START Source data
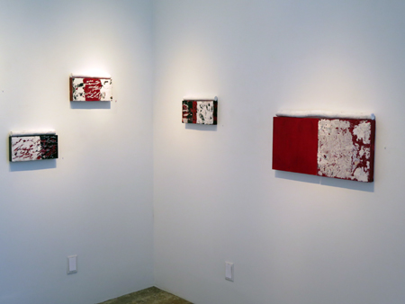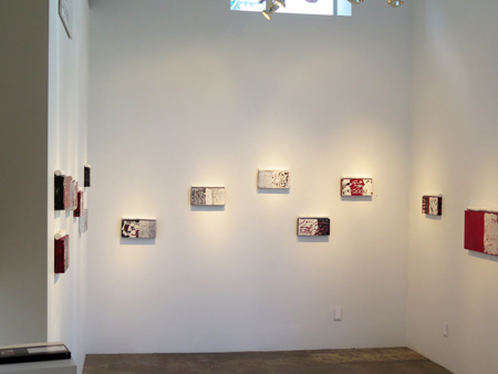 Katja Jacobs, Traces of Words #5, encaustic on wood panel and stick, 7 1/4 X 12 in., SOLD.
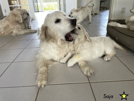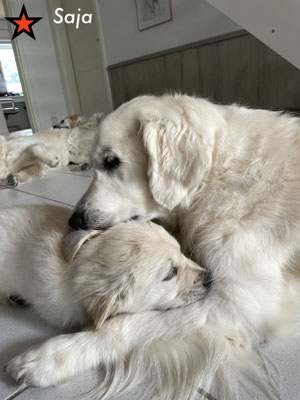 Er hat sich soo gefreut uns zu sehen, genau wie Saja, die ihn ja geliebt hat, als er noch bei uns war. Sie haben kurz geschnüffelt, dann aaah, die kenn ich...Herzchenaugen!
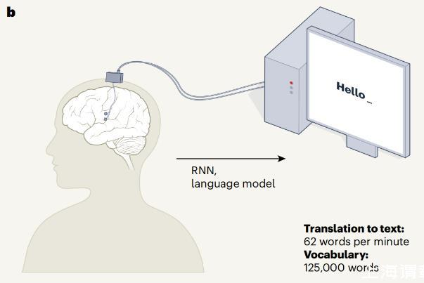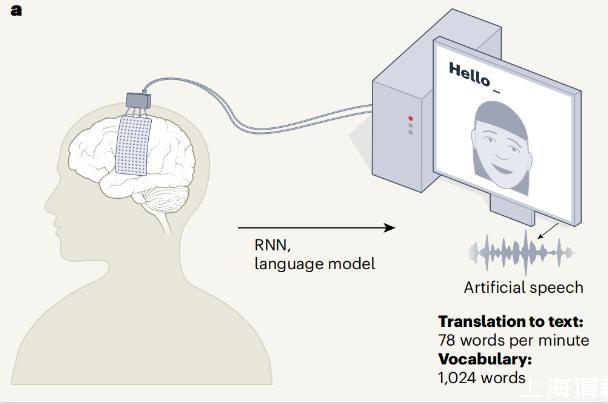 大腦對文本的解碼,第一種方法是通過循環神經網絡與語言模型這兩個系統的組合實現的,循環神經網絡(RNN,人工神經網絡的一種)的網絡運行的算法可破譯與發音器(聲道的一部分)運動相關的大腦活動;語言模型以每分鐘78個單詞的速度從一組單詞(1024個)中組成句子(組成的單詞錯誤率為25.5%)。第二種方法是,可以通過直接將大腦信號翻譯成合成語音,單詞詞匯量為1024個時,合成單詞錯誤率為54.4%;單詞詞匯量為119個時,合成單詞錯誤率為8.2%,詞匯量較少錯誤率會降低。此外,BCI還嘗試對面部表情進行解碼,并通過數字人像進行再現,從而為文本或語音提供視覺反饋,極大地豐富了參與者的交流能力??傮w而言,與之前報道的ECoG、BCI相比,該設備在詞匯量、通信速度和語音解碼的多功能性方面都有很大改進。
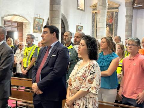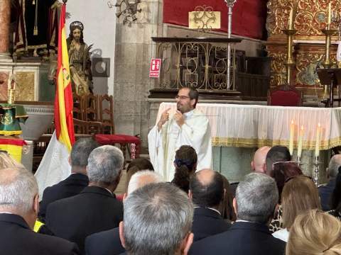 La eucaristía estuvo oficiada por el nuevo párroco de San Juan, Antonio Juan González y se realizó una ofrenda floral ante una talla de la Virgen del Pilar.
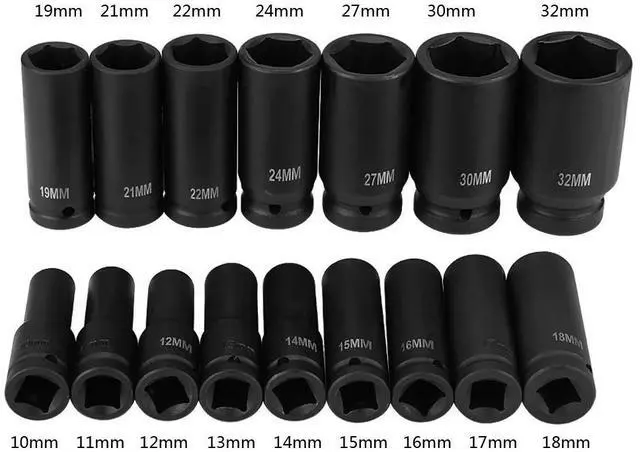 • 16Pcs 1/2" Inch Drive Air Hex Bit Socket Set Repair Tool Kit 10MM-32MM Anti Rust Easy for Repair Mechanical Maintenance
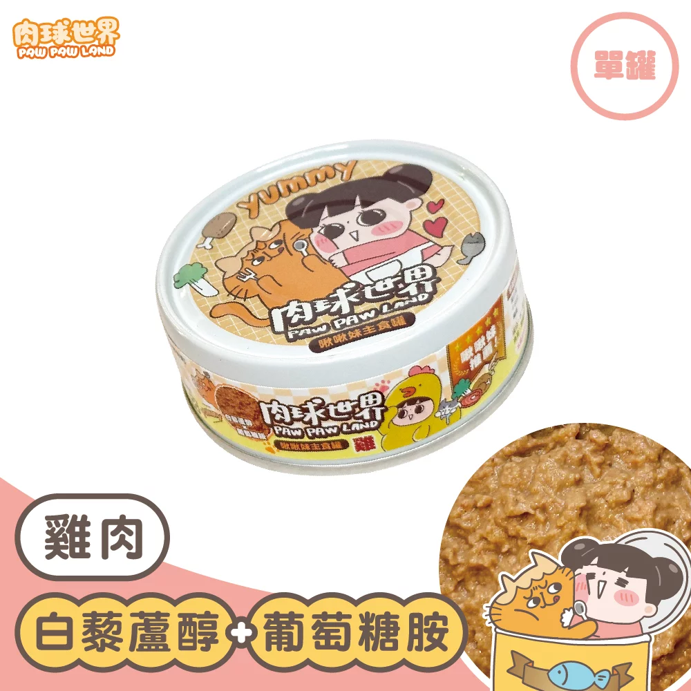 肉球世界 x 啾啾妹 貓咪主食罐 – 雞肉 (白藜蘆醇X葡萄糖胺) 80g
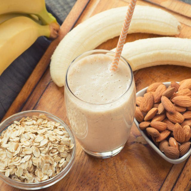 Zubereitung: Für dieses Rezept benötigt ihr einen Mixer. Schält zunächst die Banane und schneidet sie in kleine Scheiben. Mixt alle Zutaten einige Minuten lang – und schon ist es fertig! Gebt ruhig etwas Zimt dazu. Dieser Drink ist dank der proteinreichen Sojamilch, der Banane und der Mandeln ein vollwertiges Frühstück! Dazu passt ein Joghurt mit Haferflocken.
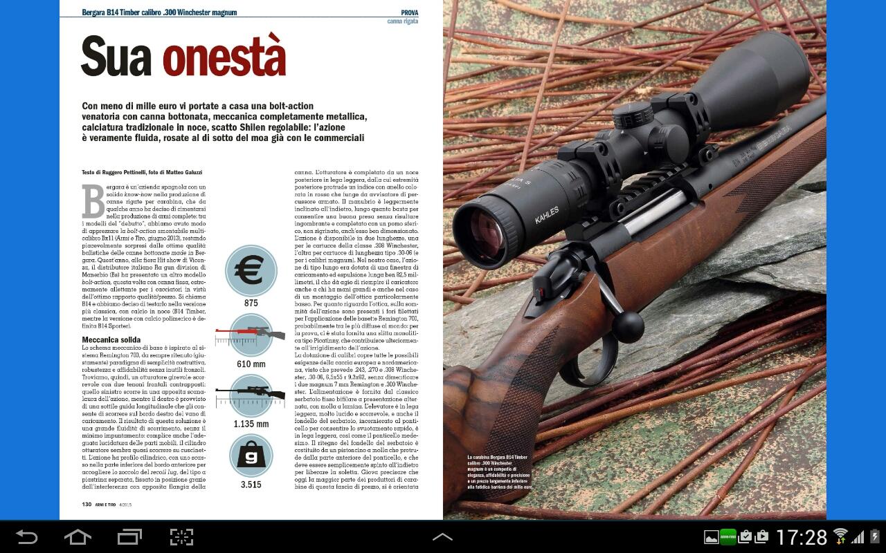 Nata nel 1988 ARMI E TIRO è la rivista più ricca e completa per contenuti di attualità, di tecnica e di servizio. Il cuore della rivista è rappresentato dalle prove sia delle armi (sportive, da difesa, da caccia e da collezione) sia delle munizioni, completate dai dati riguardanti la ricarica.
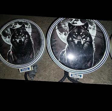 - Круглые корпуса с фирменными защитными колпаками HELLA; на колпаках рисунок «волк и луна».
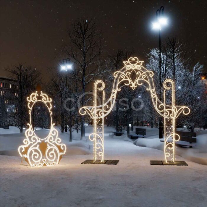 Вся конструкция рассчитана на эксплуатацию на улице в зимний период. Тёплый свет создаёт уютную атмосферу, которая уместна как в городской среде, так и на территории бизнес-центров, ТЦ, отелей, вокзалов, муниципальных парков. Комплект может использоваться как самостоятельно, так и в составе общей концепции оформления, дополняясь елями, фигурами или гирляндами.
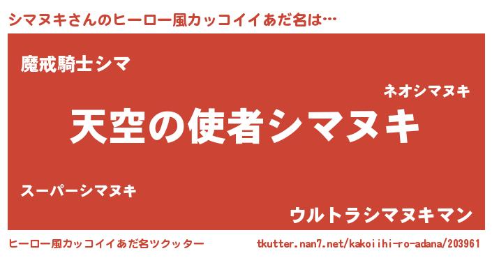| 男性向けラノベタイトル風あだ名 | 『ノーゲーム・ノーシマヌキ』 |
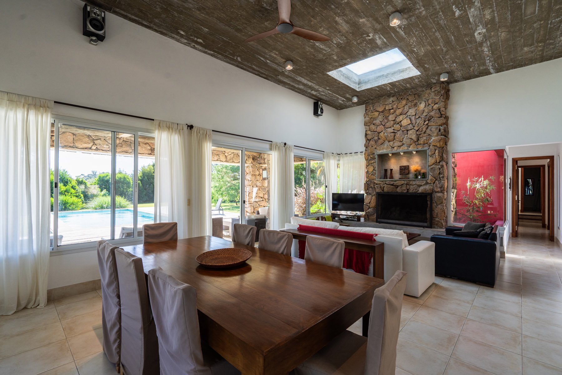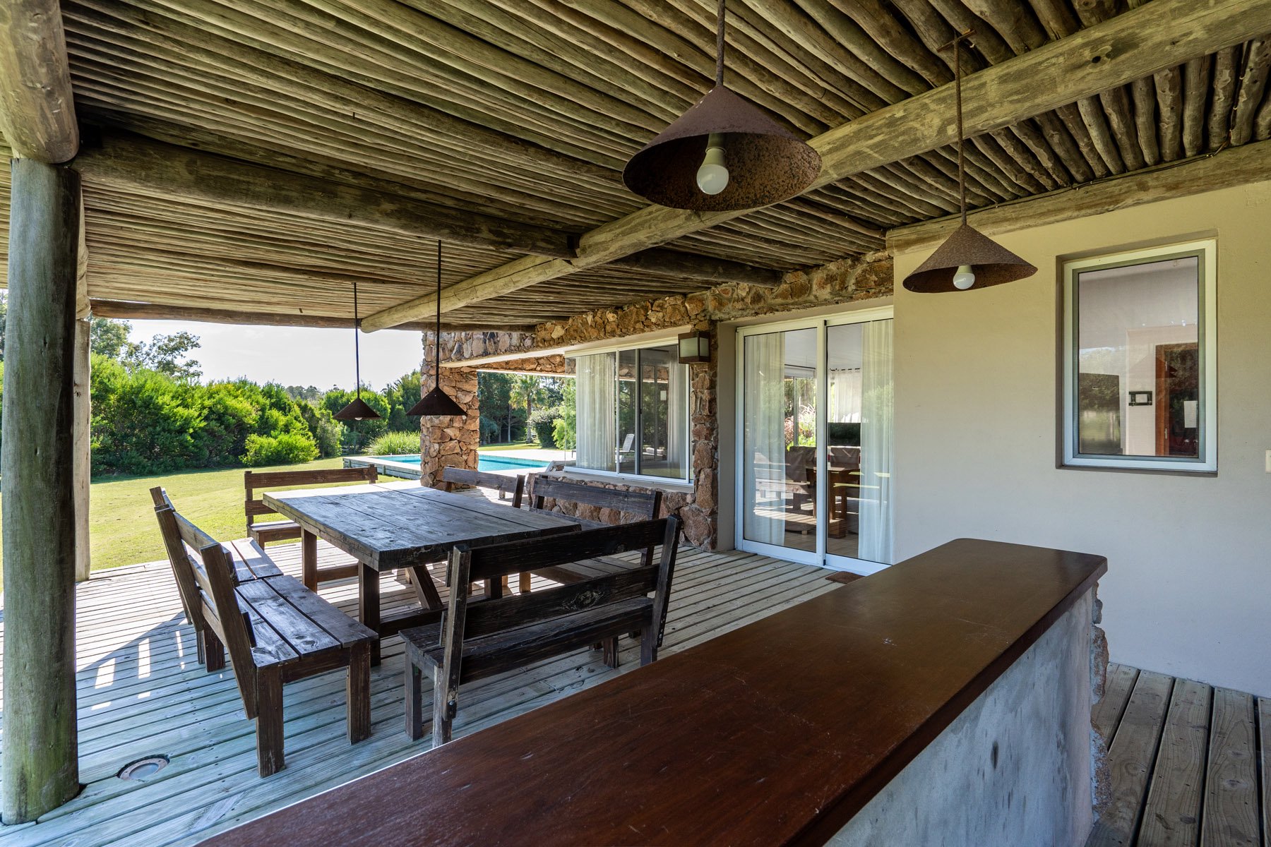 Discover this charming single-story house located in the exclusive neighborhood of Chacras El Quijote, just 15 minutes from the vibrant center of La Barra. This property combines comfort and style in an unparalleled natural setting.The home features 3 spacious bedrooms and 2 bathrooms (one of them en suite), a bright living room equipped with a wood stove, and a semi-integrated kitchen with the dining area, creating the perfect space to enjoy unforgettable moments with family or friends.The house stands out for its wide perimeter gallery that connects to a private pool and a comfortable barbecue area, ideal for enjoying the outdoors. Additionally, it includes a service room and a laundry area in an independent module, providing greater functionality and space.Equipped with underfloor heating, it guarantees exceptional comfort during the winter.Residents of El Quijote enjoy a variety of top-notch services, including:- Running water and underground electricity- Club House with pool, restaurant, wifi, and clay tennis court- Equestrian and aquatic areas- Guest dormitories- 24/7 security with access control and mobile patrolling- Maintenance of gardens and common areas- Activities for children and teenagers (summer camp and night shuttle)- Additional services such as kayaking, housekeeping, barbecue, and shoppingThis property is ideal for both year-round living and enjoying vacations in one of the most sought-after areas in the region.
END Source data
§ What the task requires
Each entry above is to be written out again unchanged, apart from the pictures, which are left out.

§ Result below
 Katja Jacobs, Traces of Words #5, encaustic on wood panel and stick, 7 1/4 X 12 in., SOLD.
 Er hat sich soo gefreut uns zu sehen, genau wie Saja, die ihn ja geliebt hat, als er noch bei uns war. Sie haben kurz geschnüffelt, dann aaah, die kenn ich...Herzchenaugen!
 大腦對文本的解碼,第一種方法是通過循環神經網絡與語言模型這兩個系統的組合實現的,循環神經網絡(RNN,人工神經網絡的一種)的網絡運行的算法可破譯與發音器(聲道的一部分)運動相關的大腦活動;語言模型以每分鐘78個單詞的速度從一組單詞(1024個)中組成句子(組成的單詞錯誤率為25.5%)。第二種方法是,可以通過直接將大腦信號翻譯成合成語音,單詞詞匯量為1024個時,合成單詞錯誤率為54.4%;單詞詞匯量為119個時,合成單詞錯誤率為8.2%,詞匯量較少錯誤率會降低。此外,BCI還嘗試對面部表情進行解碼,并通過數字人像進行再現,從而為文本或語音提供視覺反饋,極大地豐富了參與者的交流能力??傮w而言,與之前報道的ECoG、BCI相比,該設備在詞匯量、通信速度和語音解碼的多功能性方面都有很大改進。
 La eucaristía estuvo oficiada por el nuevo párroco de San Juan, Antonio Juan González y se realizó una ofrenda floral ante una talla de la Virgen del Pilar.
 • 16Pcs 1/2" Inch Drive Air Hex Bit Socket Set Repair Tool Kit 10MM-32MM Anti Rust Easy for Repair Mechanical Maintenance
 肉球世界 x 啾啾妹 貓咪主食罐 – 雞肉 (白藜蘆醇X葡萄糖胺) 80g
 Zubereitung: Für dieses Rezept benötigt ihr einen Mixer. Schält zunächst die Banane und schneidet sie in kleine Scheiben. Mixt alle Zutaten einige Minuten lang – und schon ist es fertig! Gebt ruhig etwas Zimt dazu. Dieser Drink ist dank der proteinreichen Sojamilch, der Banane und der Mandeln ein vollwertiges Frühstück! Dazu passt ein Joghurt mit Haferflocken.
 Nata nel 1988 ARMI E TIRO è la rivista più ricca e completa per contenuti di attualità, di tecnica e di servizio. Il cuore della rivista è rappresentato dalle prove sia delle armi (sportive, da difesa, da caccia e da collezione) sia delle munizioni, completate dai dati riguardanti la ricarica.
 - Круглые корпуса с фирменными защитными колпаками HELLA; на колпаках рисунок «волк и луна».
 Вся конструкция рассчитана на эксплуатацию на улице в зимний период. Тёплый свет создаёт уютную атмосферу, которая уместна как в городской среде, так и на территории бизнес-центров, ТЦ, отелей, вокзалов, муниципальных парков. Комплект может использоваться как самостоятельно, так и в составе общей концепции оформления, дополняясь елями, фигурами или гирляндами.
| 男性向けラノベタイトル風あだ名 | 『ノーゲーム・ノーシマヌキ』 |
 Discover this charming single-story house located in the exclusive neighborhood of Chacras El Quijote, just 15 minutes from the vibrant center of La Barra. This property combines comfort and style in an unparalleled natural setting.The home features 3 spacious bedrooms and 2 bathrooms (one of them en suite), a bright living room equipped with a wood stove, and a semi-integrated kitchen with the dining area, creating the perfect space to enjoy unforgettable moments with family or friends.The house stands out for its wide perimeter gallery that connects to a private pool and a comfortable barbecue area, ideal for enjoying the outdoors. Additionally, it includes a service room and a laundry area in an independent module, providing greater functionality and space.Equipped with underfloor heating, it guarantees exceptional comfort during the winter.Residents of El Quijote enjoy a variety of top-notch services, including:- Running water and underground electricity- Club House with pool, restaurant, wifi, and clay tennis court- Equestrian and aquatic areas- Guest dormitories- 24/7 security with access control and mobile patrolling- Maintenance of gardens and common areas- Activities for children and teenagers (summer camp and night shuttle)- Additional services such as kayaking, housekeeping, barbecue, and shoppingThis property is ideal for both year-round living and enjoying vacations in one of the most sought-after areas in the region.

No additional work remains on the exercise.